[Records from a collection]
◇ ◇ ◇ ◇ ◇ ◇ ◇

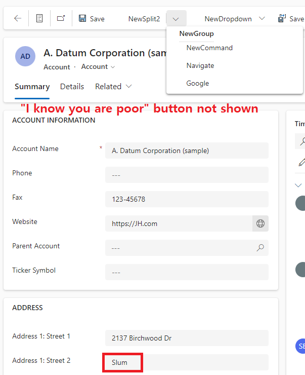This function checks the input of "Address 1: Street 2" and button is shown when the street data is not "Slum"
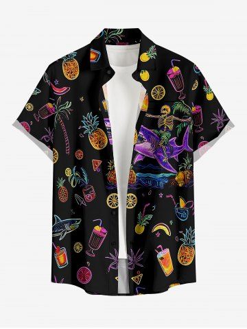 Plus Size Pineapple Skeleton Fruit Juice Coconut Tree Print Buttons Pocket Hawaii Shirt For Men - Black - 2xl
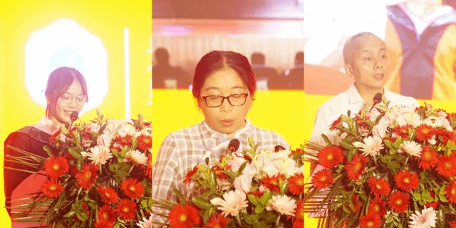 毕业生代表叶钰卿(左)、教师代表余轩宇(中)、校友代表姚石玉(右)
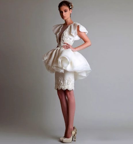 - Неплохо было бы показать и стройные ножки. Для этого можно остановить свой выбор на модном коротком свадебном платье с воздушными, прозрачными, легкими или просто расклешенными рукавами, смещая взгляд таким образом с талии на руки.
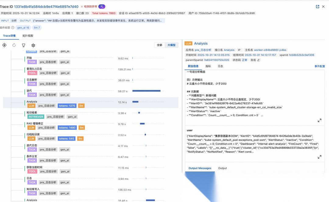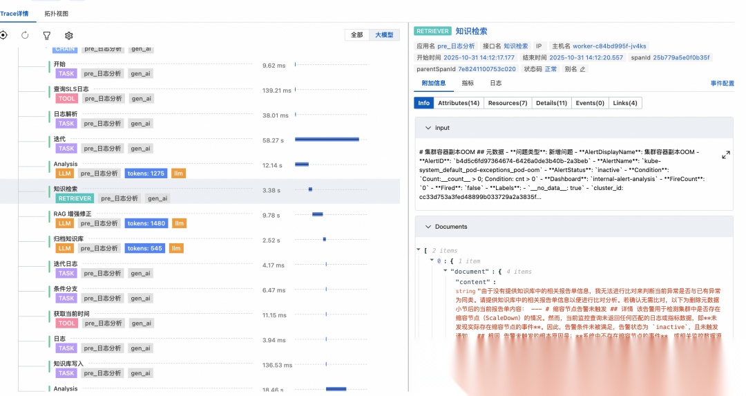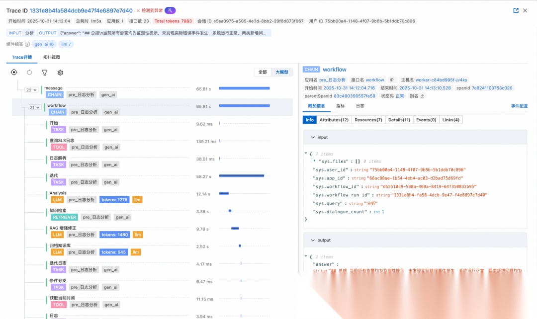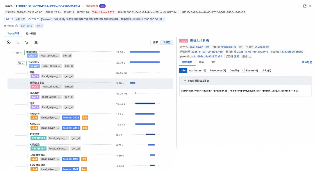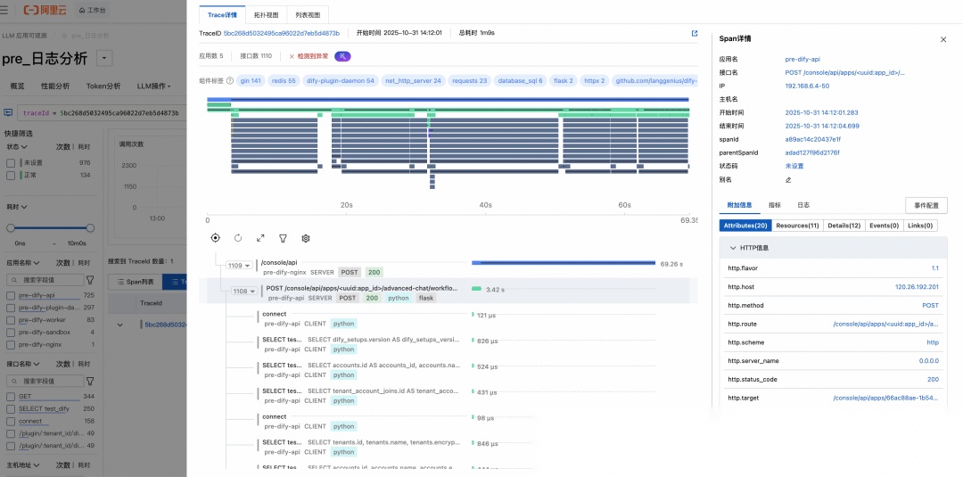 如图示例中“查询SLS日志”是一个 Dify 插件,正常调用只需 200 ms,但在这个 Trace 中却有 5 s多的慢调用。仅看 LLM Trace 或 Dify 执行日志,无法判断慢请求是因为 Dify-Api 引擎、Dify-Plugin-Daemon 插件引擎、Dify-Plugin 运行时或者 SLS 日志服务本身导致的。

◇ ◇ ◇ ◇ ◇ ◇ ◇

#### Required work
Please print the lines above exactly, beginning at the first line of the entries and ending at the line holding "毕业生代表叶钰卿(左)、教师代表余轩宇(中)、校友代表姚石玉(右)", and leave the pictures out.

#### Task result
This function checks the input of "Address 1: Street 2" and button is shown when the street data is not "Slum"
 Plus Size Pineapple Skeleton Fruit Juice Coconut Tree Print Buttons Pocket Hawaii Shirt For Men - Black - 2xl
 毕业生代表叶钰卿(左)、教师代表余轩宇(中)、校友代表姚石玉(右)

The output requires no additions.